In LangChain, when you define a list of input-output examples, you can use different ExampleSelector strategies to dynamically choose which examples to include in a prompt based on the user’s current input. Although it may seem like you're just providing static examples, selectors like SimilarityExampleSelector and MMRExampleSelector use intelligent filtering. For instance,
- when the user inputs a new word such as "powerful", the selector first embeds this input and compares it to the embeddings of the inputs from your examples (like "happy", "strong", "sunny", etc.).
- Using semantic similarity (e.g., cosine distance), it ranks how closely related each example is to the user’s input and selects the most relevant ones
- For "powerful", it might choose the example "strong → weak" because it is semantically similar, while ignoring unrelated examples like "happy → sad".
- This dynamic selection helps tailor the prompt to the current task while staying within token limits.
- The process varies depending on the selector type—some prioritize relevance (SimilaritySelector), others balance diversity and similarity (MMRSelector), or simply choose the shortest fitting examples (LengthBasedSelector). This approach makes few-shot prompting more efficient, personalized, and effective.



In [8]:
from langchain_core.example_selectors import LengthBasedExampleSelector
from langchain_core.prompts import FewShotPromptTemplate, PromptTemplate

# Examples of a pretend task of creating antonyms.
examples = [
    {"input": "happy", "output": "sad"},
    {"input": "tall", "output": "short"},
    {"input": "energetic", "output": "lethargic"},
    {"input": "sunny", "output": "gloomy"},
    {"input": "windy", "output": "calm"},
]

example_prompt = PromptTemplate(
    input_variables=["input", "output"],
    template="Input: {input}\nOutput: {output}",
)
example_selector = LengthBasedExampleSelector(
    examples=examples,
    example_prompt=example_prompt,
    max_length=25,  # The maximum length that the formatted examples should be.
)
dynamic_prompt = FewShotPromptTemplate(
    example_selector=example_selector,
    example_prompt=example_prompt,
    prefix="Give the antonym of every input",
    suffix="Input: {adjective}\nOutput:",
    input_variables=["adjective"],
)

In [9]:
print(dynamic_prompt.format(adjective="big"))

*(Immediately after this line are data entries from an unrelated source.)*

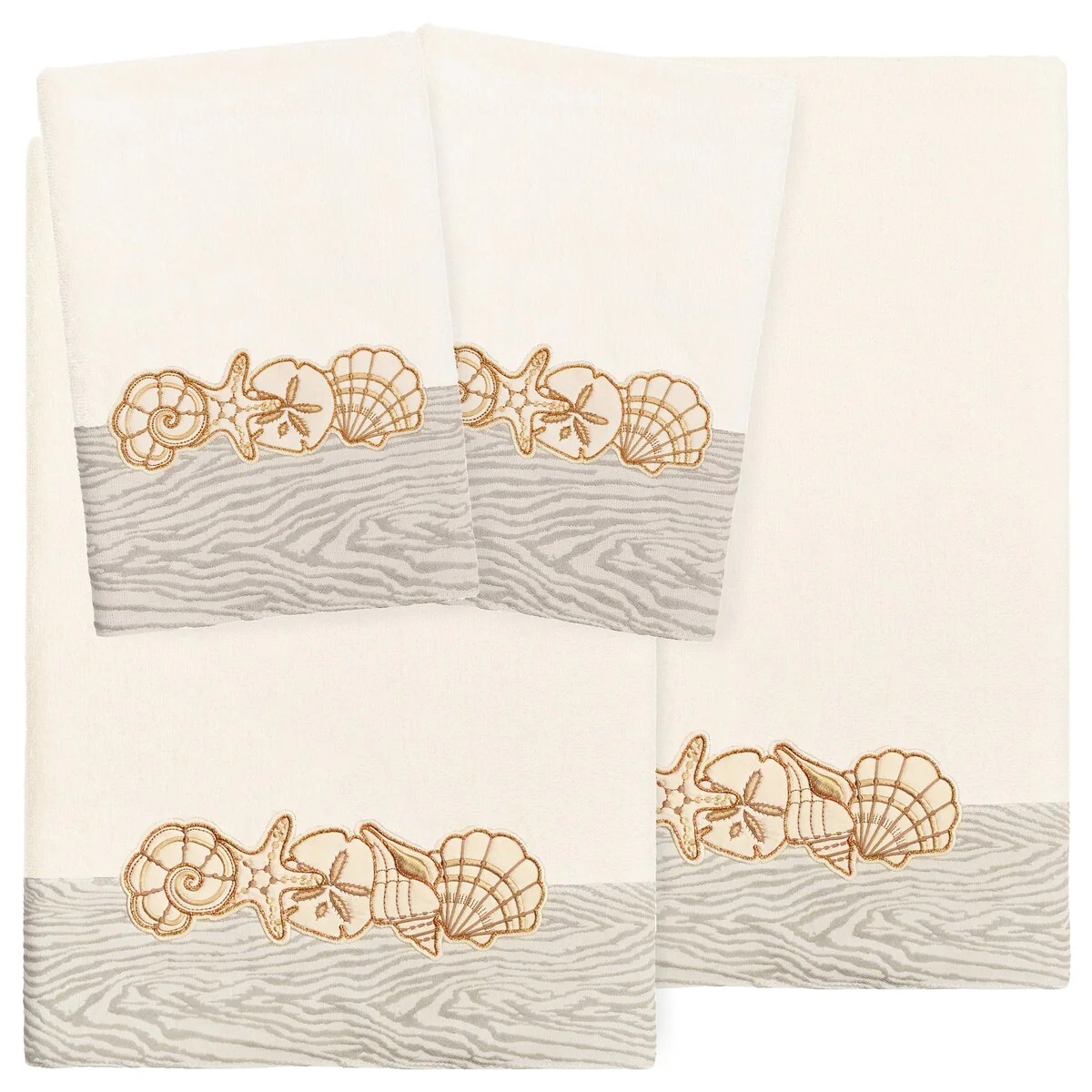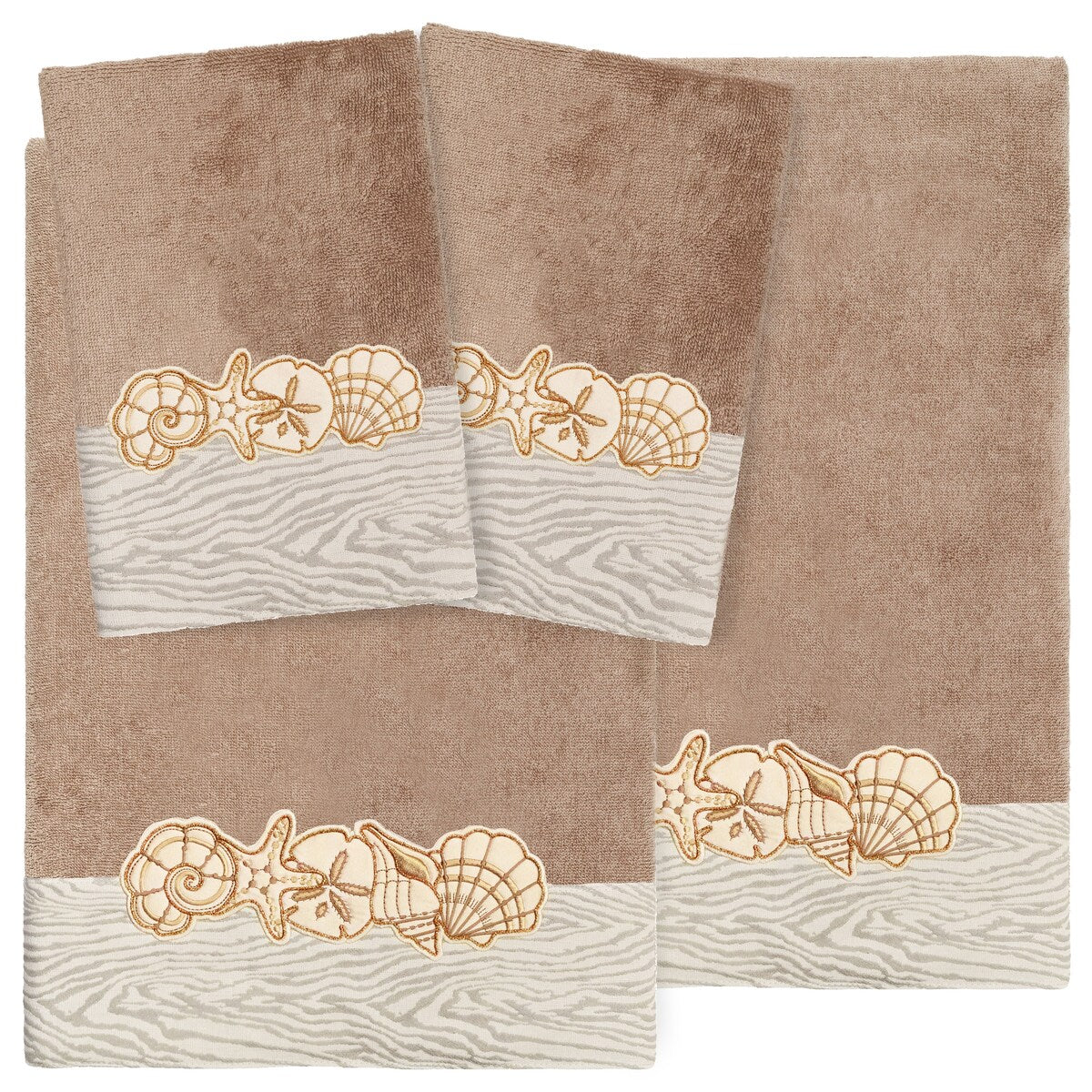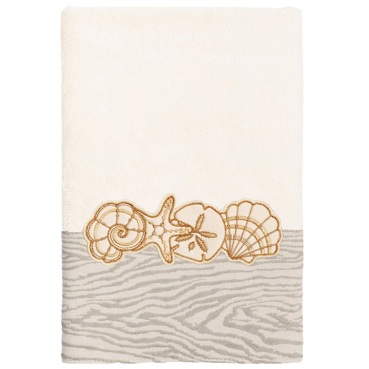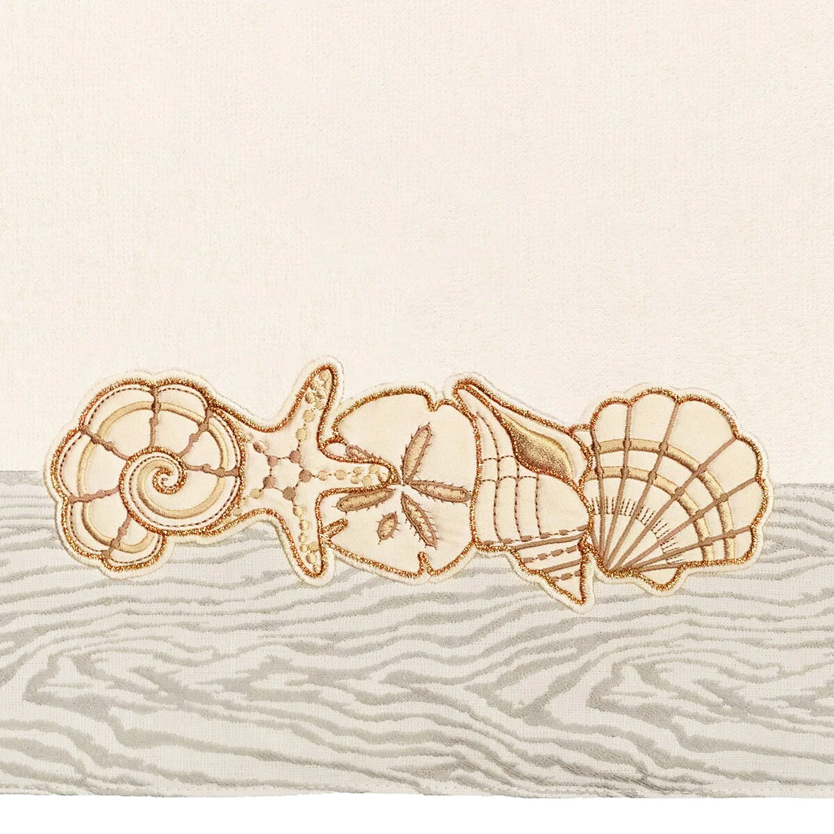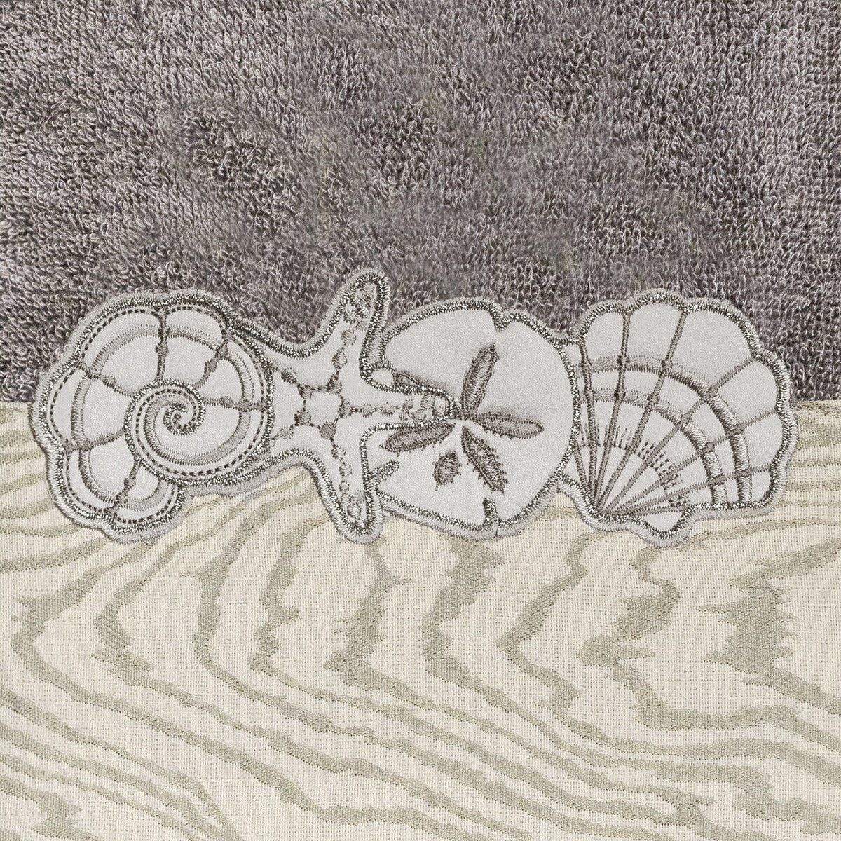 Your bath decor is not complete without a set of beautiful embroidered towels by Authentic Hotel and Spa for the comfort of your family and guests. The Shell Row towels feature sparkling applique seashells on a weathered woodgrain pattern jacquard border. Cloud soft and super absorbent, these luxurious, durable towels keep their plush appearance after washing. This collection is available in 8 elegant colors: White, Beige, Blush, Aqua, Silver, Cocoa, Charcoal and Marine. The Shell Row Towel Collection brings seaside spirit and richness to your home decor and makes a great gift.
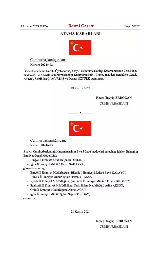 Resmi Gazete’de yayımlanan Cumhurbaşkanlığı atama kararları dikkat çekti. Cumhurbaşkanı Erdoğan’ın imzasıyla duyurulan kararlara göre, Devlet Denetleme Kurulu’na üç yeni üye atandı: Cengiz Aydın, Semih İsa Çamurtaş ve Osman Öztürk. Ayrıca, Bingöl İl Emniyet Müdürü Şükrü Orhan ile Iğdır İl Emniyet Müdürü Erden Sakarya görevden alındı.
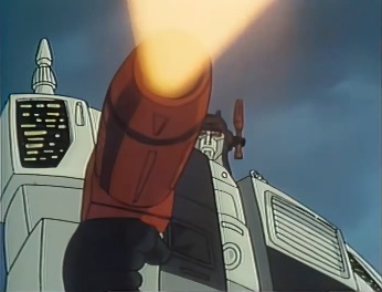 Scramble City is completed, and rolls out along with Ultra Magnus and the Protectobots. The group arrive at the battle, and the Protectobots unite into Guardian. But it turns out he's not needed, as Scramble City transforms into a super colossal robot called Metroflex. He fires a single shot that blows both Bruticus and Menasor away! |
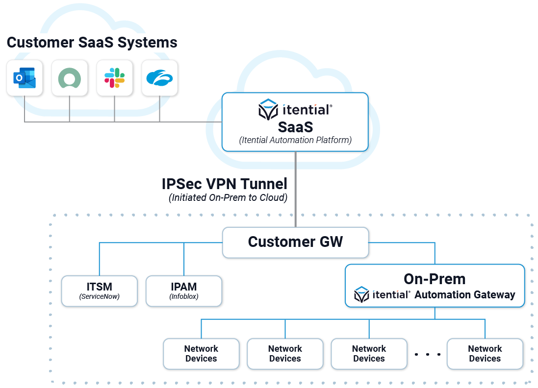 - Site-to-Site IPSec VPN Tunnel between Itential Cloud and the Customers Gateway is established to provide secure connectivity for communication to all customer end systems.
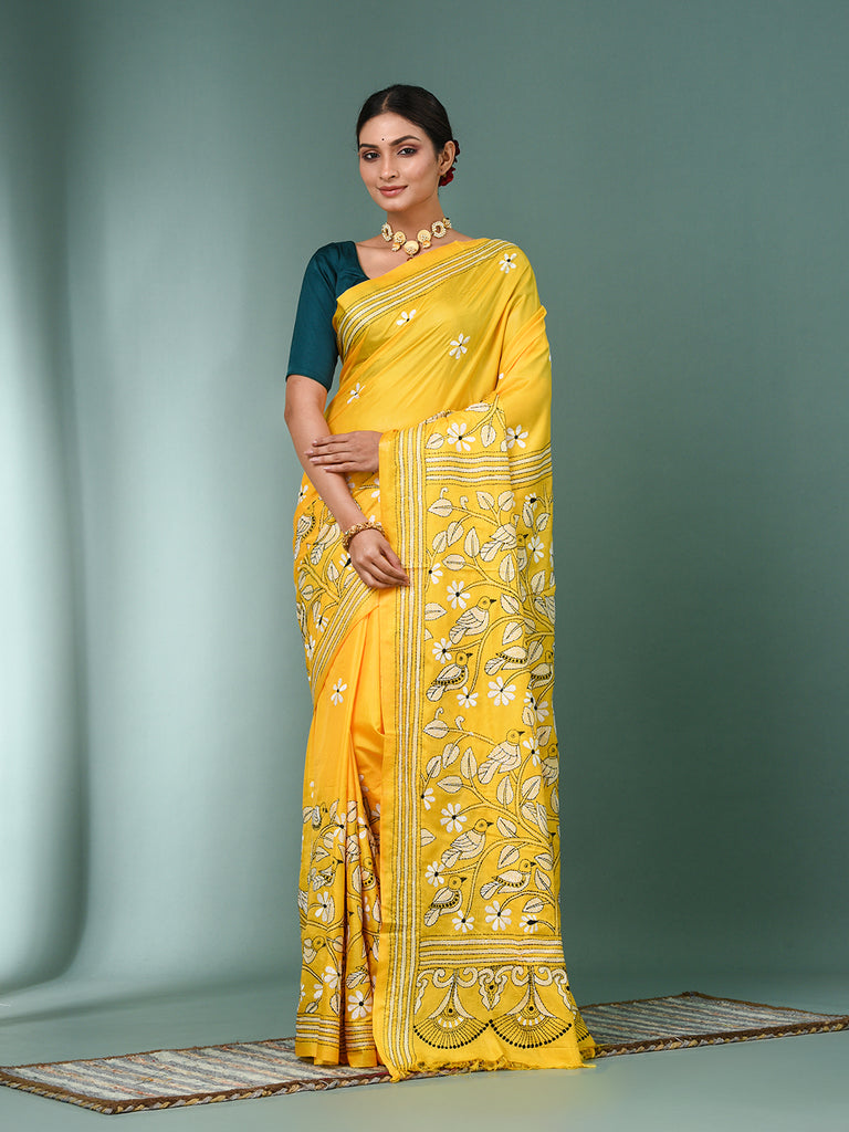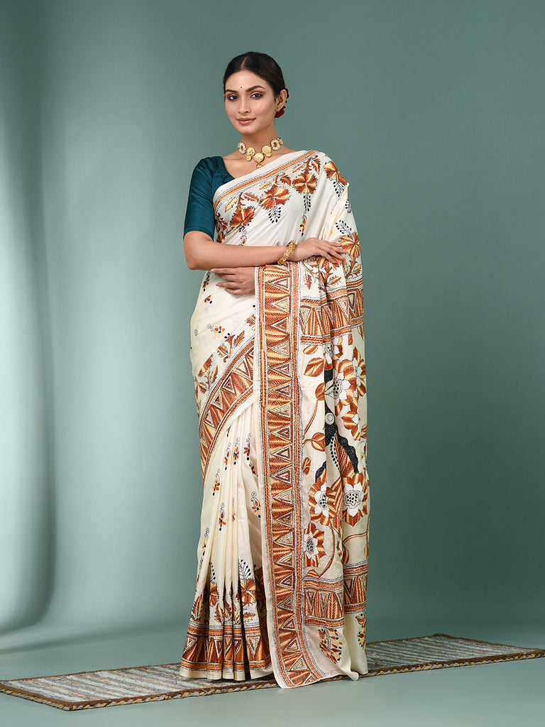 Off White Gujrati Work Kantha Stitch Tussar Silk Soft Saree
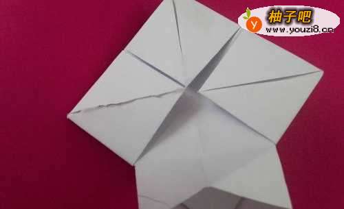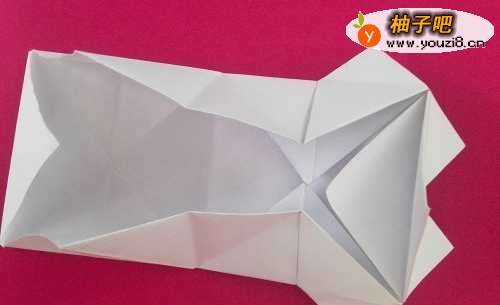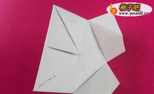 8将另一面翻转朝上,另两个尖角,拆开,顺折缝,捏成长条形状(尾部可折可不折)
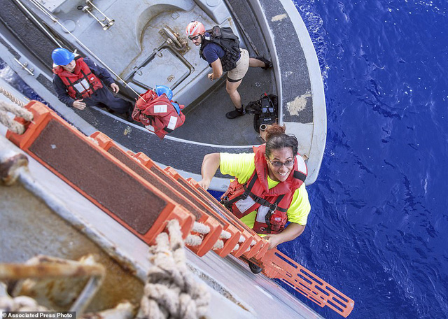 Hải quân Mỹ cho biết trước khi lên thuyền và gặp nạn ở Thái Bình Dương, Appel và Tasha đã chuẩn bị đầy đủ thực phẩm để sử dụng trong vòng một năm, trong đó chủ yếu là thức ăn khô như gạo, mỳ ống và yến mạch. Họ cũng mang theo các máy lọc nước và đây là những yếu tố giúp Appel và Tasha sống suốt trong suốt 5 tháng trên biển. Trong ảnh: Tasha Fuiaba trèo thang lên tàu USS Ashland sau khi được giải cứu. (Ảnh: AP)

Give the antonym of every input

Input: happy
Output: sad

Input: tall
Output: short

Input: energetic
Output: lethargic

Input: sunny
Output: gloomy

Input: windy
Output: calm

Input: big
Output:


In [10]:
long_string = "big and huge and massive and large and gigantic and tall and much much much much much bigger than everything else"
print(dynamic_prompt.format(adjective=long_string))

Give the antonym of every input

Input: happy
Output: sad

Input: big and huge and massive and large and gigantic and tall and much much much much much bigger than everything else
Output:


### Output parsers

Output parsers are responsible for taking the output of an LLM and transforming it to a more suitable format. This is very useful when you are using LLMs to generate any form of structured data, or to normalize output from chat models and LLMs.

LangChain has lots of different types of output parsers. This is a [list](https://python.langchain.com/v0.2/docs/concepts/#output-parsers) of output parsers LangChain supports. In this lab, you will use the following two output parsers as examples:

- `JSON`: Returns a JSON object as specified. You can specify a Pydantic model and it will return JSON for that model. Probably the most reliable output parser for getting structured data that does NOT use function calling.
- `CSV`: Returns a list of comma separated values.